In the shadow of T.E. Lawrence
 O'Toole was a great actor who could never be typecast. In each role, he wore the cloak of the character, looked out through the character's eyes, swallowed the saliva of the character, walked in his shoes, or at least, did with the characters in his finest performances: The Stunt Man, The Ruling Class, My Favorite Year, The Creator, Becket, The Lion in Winter, even Foxtrot. He was as acute an actor in his later work; I remember a BBC production in which he was frighteningly evil: The Dark Angel. aka Uncle Silas. He reached into the depths of humankind's wickedness and was its embodiment. Truly, it is an amazing performance. Of course his role in Venus, for which he received his last Oscar nomination was impeccable.
Later years, the 1980s.
This sonnet is from me to Peter, who referred to himself as a retired Christian. God loves the creative genius of artists which He fashions and encourages.

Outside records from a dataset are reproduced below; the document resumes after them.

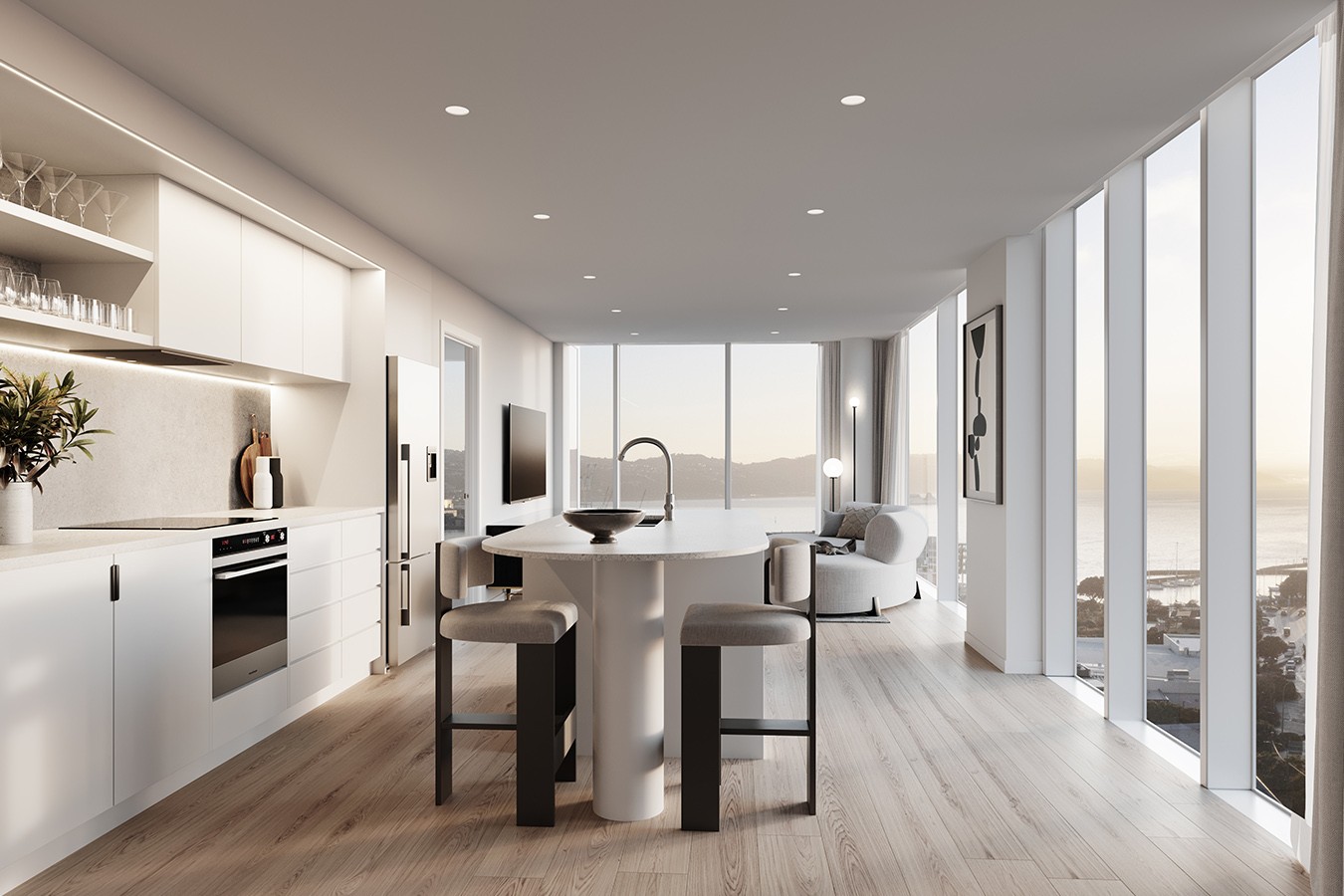The façade features a high-performance 180mm thermally broken curtain wall system and 134 thermally broken sliding doors, providing energy efficiency and acoustic comfort for all apartments. Externally, extruded aluminium plank cladding is used extensively across balcony soffits and upper levels to enhance material depth and durability. Balustrades are finished with a custom glass system to maintain clean lines and visual transparency, while vertical aluminium louvre fins provide solar shading and architectural articulation.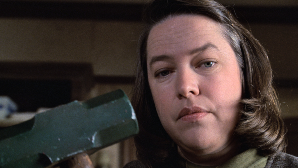 Novelist Paul Sheldon (James Caan) has grown tired of the Victorian romance novels that made him famous, and kills off his character in hopes of relaunching his career as a “serious” writer. While traveling to NYC for an event, Paul is caught in a blizzard and ends up crashing his car. When he wakes up, he finds he is in the “care” of self-proclaimed nurse and superfan Annie Wilkes (Kathy Bates). However, it quickly becomes clear that Annie is unstable and intends to keep Paul hostage until he writes a new, happier ending to his Misery book series.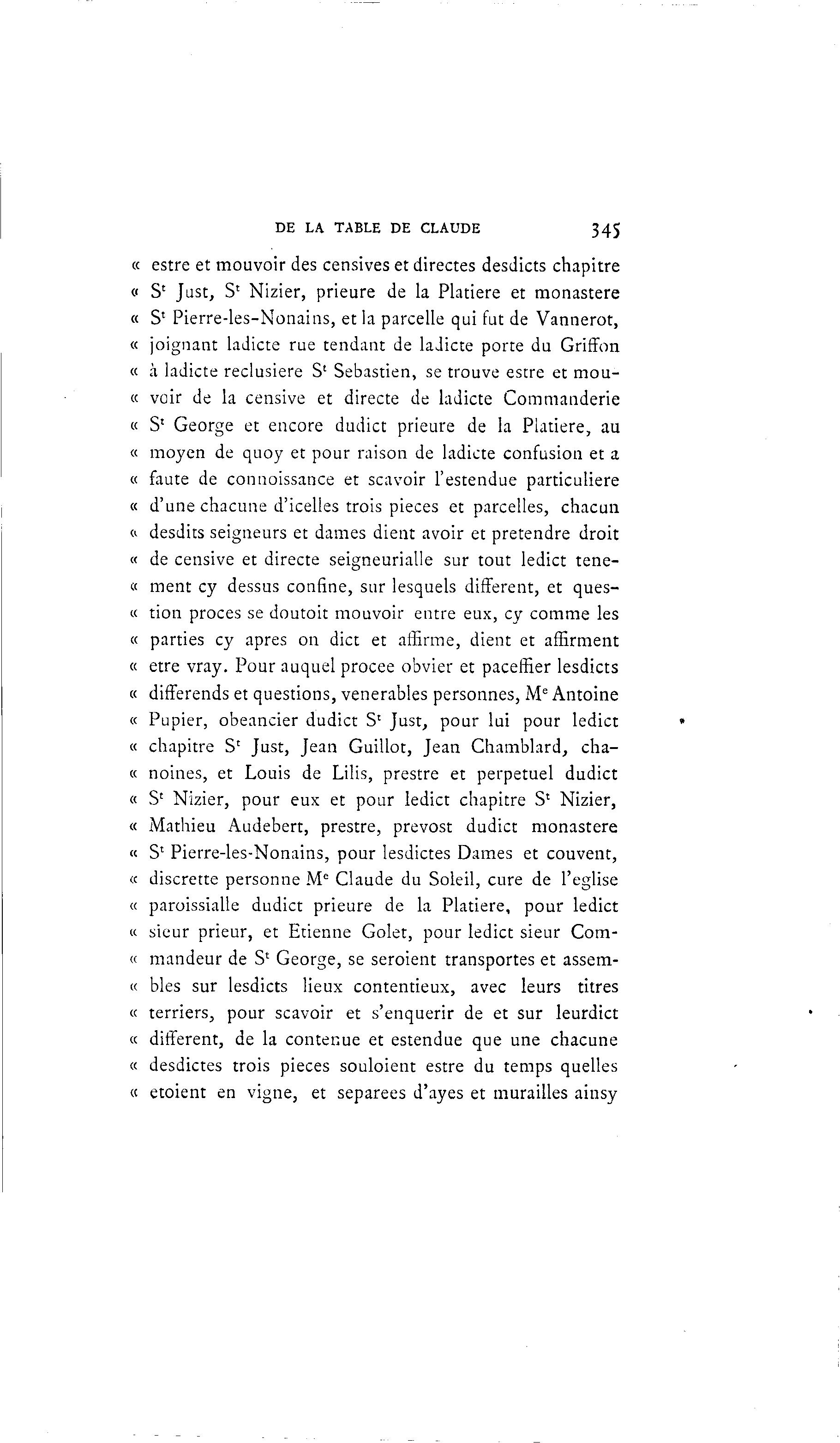 DE LA TABLE DE CLAUDE 345 « estre et mouvoir des censives et directes desdicts chapitre « S1 Just, S' Nizier, prieure de la Platiere et monastère « S1 Pierre-les-Nonains, et la parcelle qui fut de Vannerot, « joignant ladicte rue tendant de ladicte porte du Griffon « à ladicte reclusiere S' Sebastien, se trouve estre et mou- c e voir de la censive et directe de ladicte Commanderie « S1 George et encore dudict prieure de la Platiere, au « moyen de quoy et pour raison de ladicte confusion et a « faute de connoissance et scavoir l'estendue particulière « d'une chacune d'icelles trois pièces et parcelles, chacun o desdits seigneurs et dames dient avoir et prétendre droit « de censive et directe seigneurialle sur tout ledict tene- « ment cy dessus confine, sur lesquels différent, et ques- « tion procès se doutoit mouvoir entre eux, cy comme les « parties cy après on dict et affirme, dient et affirment « être vray. Pour auquel procee obvier et paceffier lesdicts « différends et questions, vénérables personnes, Me Antoine « Pupier, obeancier dudict S1 Just, pour lui pour ledict « chapitre S' Just, Jean Guillot, Jean Chamblard, cha- « noines, et Louis de Lilis, prestre et perpétuel dudict « S' Nizier, pour eux et pour ledict chapitre S1 Nizier, « Mathieu Audebert, prestre, prevost dudict monastère « S1 Pierre-les-Nonains, pour lesdictes Dames et couvent, « discrette personne Me Claude du Soleil, cure de l'église « paroissialle dudict prieure de la Platiere, pour ledict « sieur prieur, et Etienne Golet, pour ledict sieur Com- « mandeur de S1 George, se seroient transportes et assem- « blés sur lesdicts lieux contentieux, avec leurs titres « terriers, pour scavoir et s'enquérir de et sur leurdict « différent, de la contenue et estendue que une chacune « desdictes trois pièces souloient estre du temps quelles « etoient en vigne, et séparées d'ayes et murailles ainsy

In the finest artistry, we see His face in ours. If we allow Him to speak through us, as you did, Peter, then He and you are in a state of felicity. For surely, you are one of His bad boy darlings.

                                         Peter O'Toole

A feisty Irishman an actor King,
You were in life. Beloved for your art.
You worshiped Shakespeare, did the classics bring
To understanding roles, with a poet's heart.
Your intellect self-schooled, and RADA trained,
Evolved beyond the cares of Corn Flake men.*
You scorned commercial "art." It diminished brains,
And trashed humanity's worth; not of your ken.
Your quality of spirit and your grace,
Were known by family and a loving few.
Your self-destructive threads and sorrowful traits
Revealed. That knowing, you to you stayed true.
Your gracious love shines out in graceful art,
Remembered, lifted up. God's blessed, you, hart.


*Corn Flake men was O'Toole's reference to the corporations taking over funding for films.